I made this with lamb shank meat. I made it a day ahead, adding a parm rind to the simmering sauce. Separated the meat from the sauce, and removed the fat from the cooled sauce. I pureed the sauce and reheated it, added broken lasagna noodles since I couldn’t find pappardelle for some reason. Chopped parsley and lemon rind topped it off and cut the richness.
Sounds complicated, but it’s easy, especially when broken up into two days. I’ll make it again.
For leftovers I added a couple spoonfuls of white beans I had previously cooked up. So good.
So nice
Hello what is the exact amount of canned tomatoes? There are always 2 values on the can- for example: 400g/280g (general/just the content). Are these chopped tomatoes or Plum tomatoes? Thanks!

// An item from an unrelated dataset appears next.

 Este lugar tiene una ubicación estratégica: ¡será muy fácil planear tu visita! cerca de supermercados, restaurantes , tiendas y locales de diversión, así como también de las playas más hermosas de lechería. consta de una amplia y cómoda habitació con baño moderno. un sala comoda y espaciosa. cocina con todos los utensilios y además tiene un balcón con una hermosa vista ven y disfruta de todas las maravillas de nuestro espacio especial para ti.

sorry if this posts twice, can I make this with sirloin tips? That’s all my store has today.
Can I use sirloin tips?
Absolutely delicious Ragu! I used the beef stock option. It did take a bit more to cook though, could have been my stove? It was closer to 3 hours… so keep an eye out
I made this tonight in the slow cooker, 6 hours and it was fall apart good. Couldnt get the pappardelle so got the tagliatelle. It is divine and I have enough for meal size containers in the freezer for days when I dont want to actually cook, well apart from cooking a bit of pasta 🙂 Another winner Nagi xx
can this be cooked in the oven? I don’t like to simmer on the stove
This is an incredible recipe. We really liked it. Another top-notch recipe that you have given unto the world.
Also, my dog, Token, even likes it. She’s a big fan of Campbell’s canned spaghetto’s. Doesn’t matter if they are Spaghettio & Franks, S & Chicken, or S & Meatballs. She loves them all.

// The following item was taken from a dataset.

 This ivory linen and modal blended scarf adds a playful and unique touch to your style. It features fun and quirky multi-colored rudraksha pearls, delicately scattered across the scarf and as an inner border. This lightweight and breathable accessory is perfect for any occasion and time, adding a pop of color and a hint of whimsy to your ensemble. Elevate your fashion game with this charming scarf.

But, I let her “Clean Dishes” during this afternoon lunch, and she really liked this. But, tonight, she won’t have spaghettio’s. She will have Naggie & Dozer’s Beef Ragu.
Thanks again, N&D, for all the good and wonderful dishes that you give to the world. You are making eating at home more enjoyable and more affordable, as the prices just keep rising around us in America. It’s hard to keep making ends meet. But, your dishes save us from restaurants and overtly-priced fastfood.

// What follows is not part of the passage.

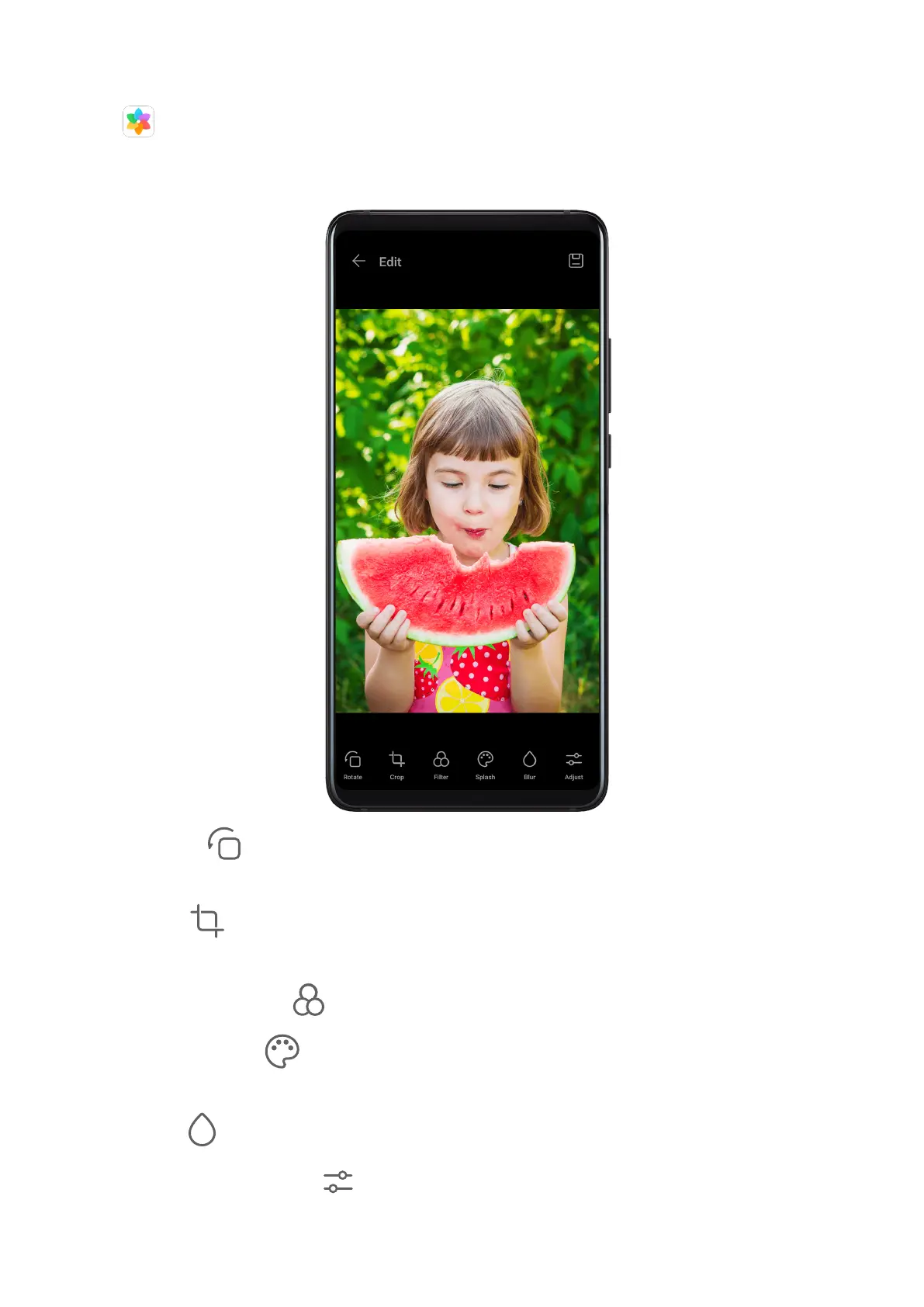 Open Gallery, touch the thumbnail of the photo you want to edit, then touch Edit to

This is an incredible recipe. We really liked it. Another top-notch recipe that you have given unto the world.
Also, my dog, Token, even likes it. She’s a big fan of Campbell’s canned spaghetto’s. Doesn’t matter if they are Spaghettio & Franks, S & Chicken, or S & Meatballs. She loves them all.
But, I let her “Clean Dishes” during this afternoon lunch, and she really liked this. But, tonight, she won’t have spaghettio’s. She will have Naggie & Dozer’s Beef Ragu.
Thanks again, N&D, for all the good and wonderful dishes that you give to the world. You are making eating at home more enjoyable and more affordable, as the prices just keep rising around us in America. It’s hard to keep making ends meet. But, your dishes save us from restaurants and overtly-priced fastfood.
PLEASE DELETE ABOVE COMMENT — too hard to read without paragraphs.
Just delicious !
Only had 800 gms supermarket chuck steak pieces so cut them in half . Reduced other ingredients as per recipe .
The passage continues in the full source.